It's not for the faint of heart.

Welcome to my slightly silly, often odd, and mostly messy life.





Wednesday, January 27, 2010

An Age Old Question

I'm thinking more and more about the difference in age between BLT and I. Should it matter? Should it bother me? Should I worry or care what other people think? For some odd reason it does bug me - when we aren't together. When we spend time together I never think about it all. It's not like there are any physical indicators of our age difference we are both in our 30's...he's just closer to the 30 mark and I'm inching closer to the 40 mark. We enjoy the same movies and food, he makes me laugh. He makes me feel beautiful and happy. I like the person I am when we're together, the person I see in his eyes.

Then I come home. A few weeks pass, and the insecurities set in. What if the BLT wants to get married some day? What if he wants more children of his own? I don't ever plan on giving anyone the kind of power over me that marriage requires, not again. I learned my lesson. I also won't have any more children. I could, but not at my age, no thank you. The BLT could find someone in their mid to late 20's, and he would still have plenty of time to get married and start a family.

And lets be honest, physically there is no way a 30 something mother of several children can hold a candle to a nice firm 20 year old without stretch marks. No matter how in shape I am (and I do work out and take care of myself...I'm not a total hag) but I'm no nubile 20 something.

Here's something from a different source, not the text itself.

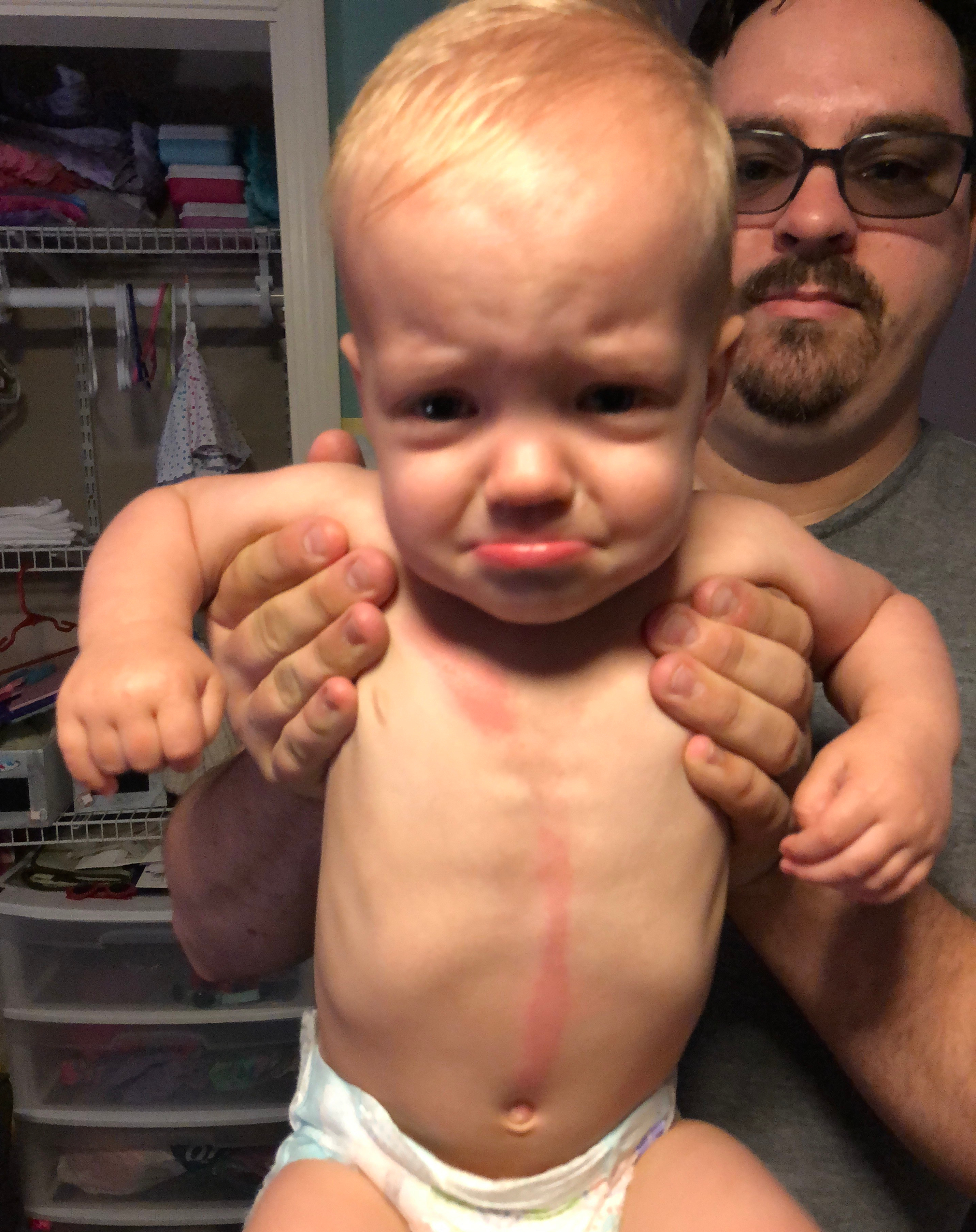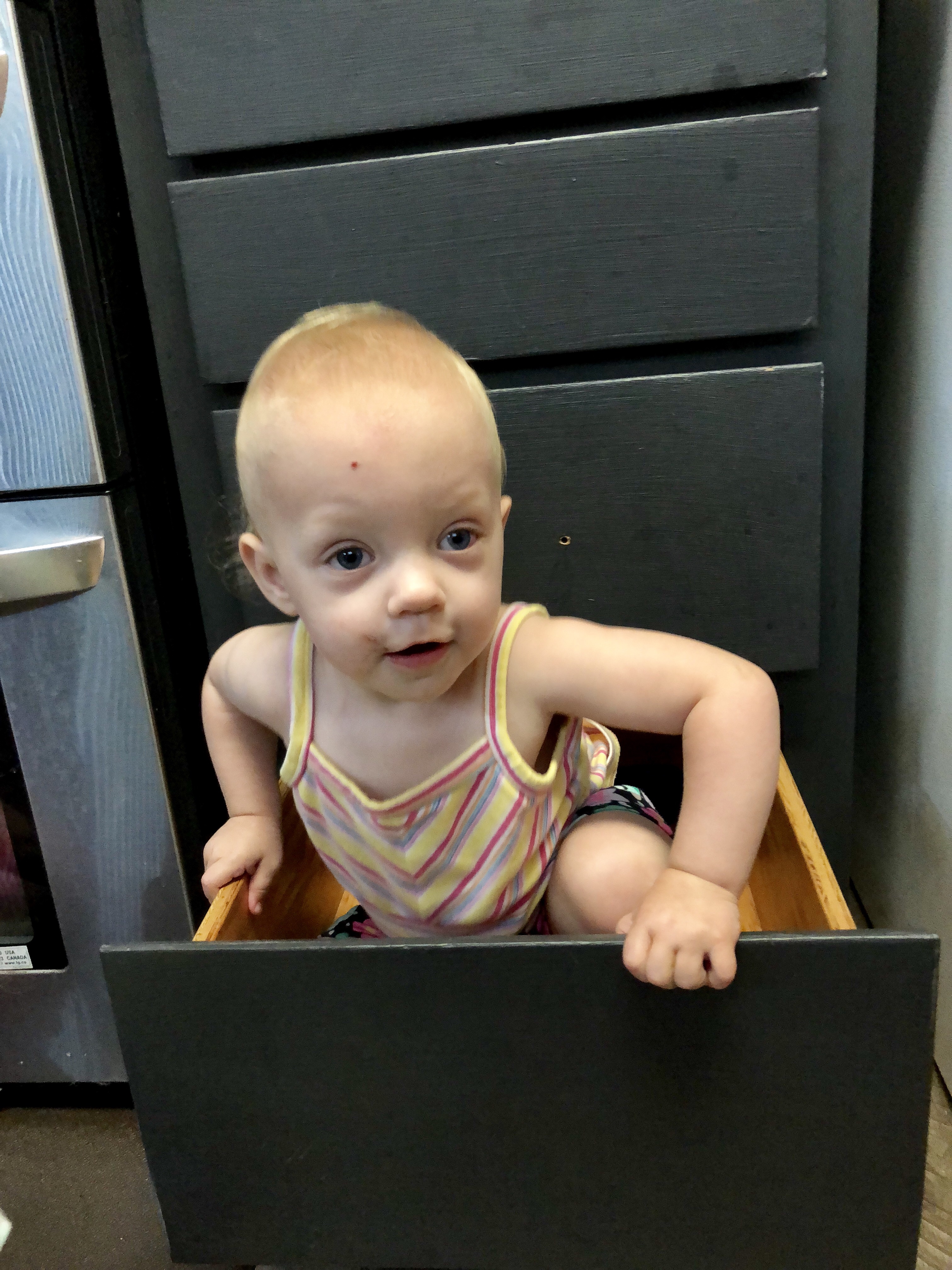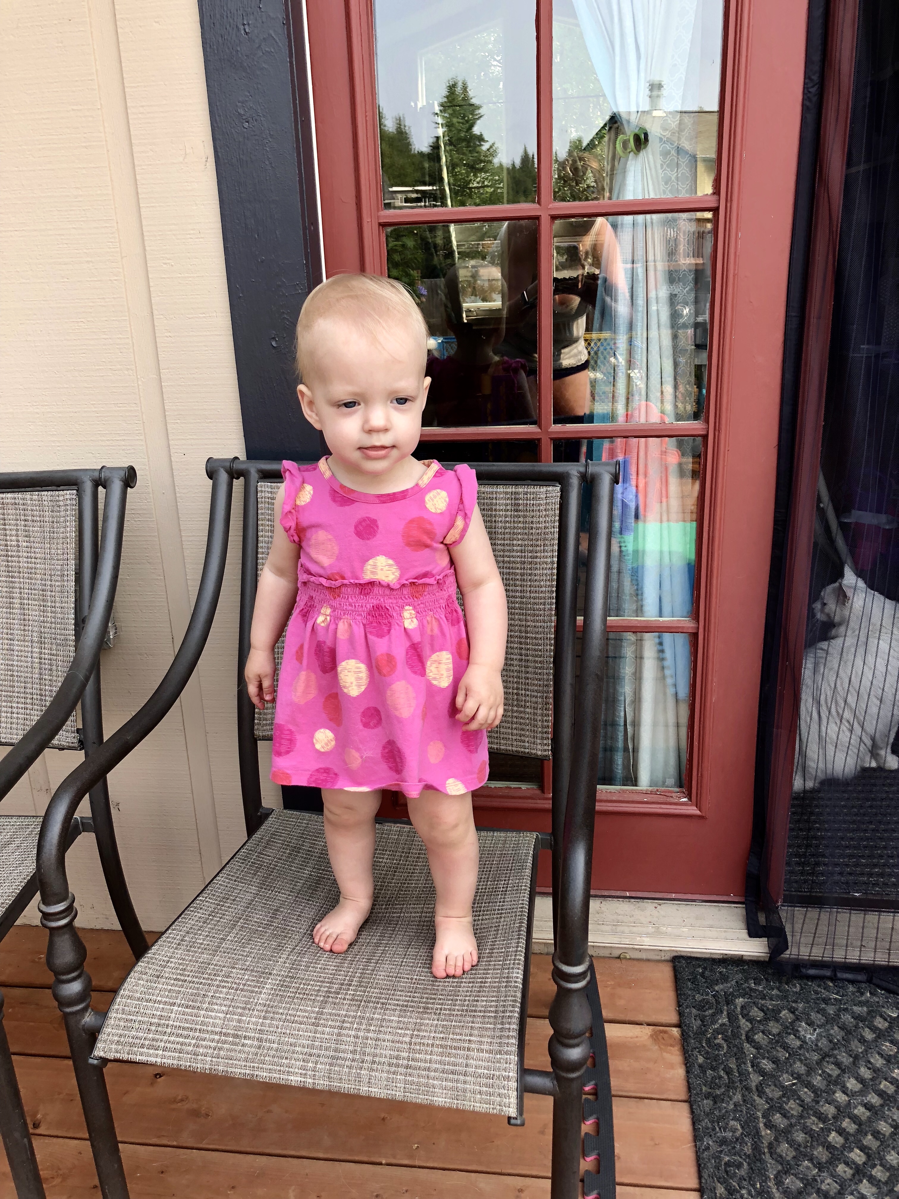 Harper has a tea drip stain down her chest, with the top portion blistering a little and the run to her belly button nearly gone. In terms of her fearlessness, she climbed the deck chair and made it onto the table (you know, in the 10 seconds we weren’t looking), picked up the cup of hot tea, and proceeded to pour that straight down on herself. While she was definitely less than thrilled at that, I’m not sure how much of a lesson she learned from it or if it’ll take a few more painful things to teach her to be more careful. Surprisingly she doesn’t have a forehead bonk right now either!

Then there are the comments from others. The "cougar" references when people find out about the four year age difference. The "dirty old lady" jokes and knowing grins. I'm not even going to lie, I appreciate the physical, shall we say, bennefits of a sexual relationship with someone slightly younger, in good physical condition, and with unusual stamina. He really is very yummy and quite skilled. But that's not the end all-be all of our relationship, and if the BLT happened to be five years older, a little slower... well I would still love all the other things about him. I would still love the way he makes me feel about myself.

SO WHY SHOULD I CARE? I can't figure out why it bugs me when we're apart. Is it just my own insecurity? Is it society reinforcing the stigma of the younger man/older woman relationship? I wish I could figure it out. I wish I could just get over it.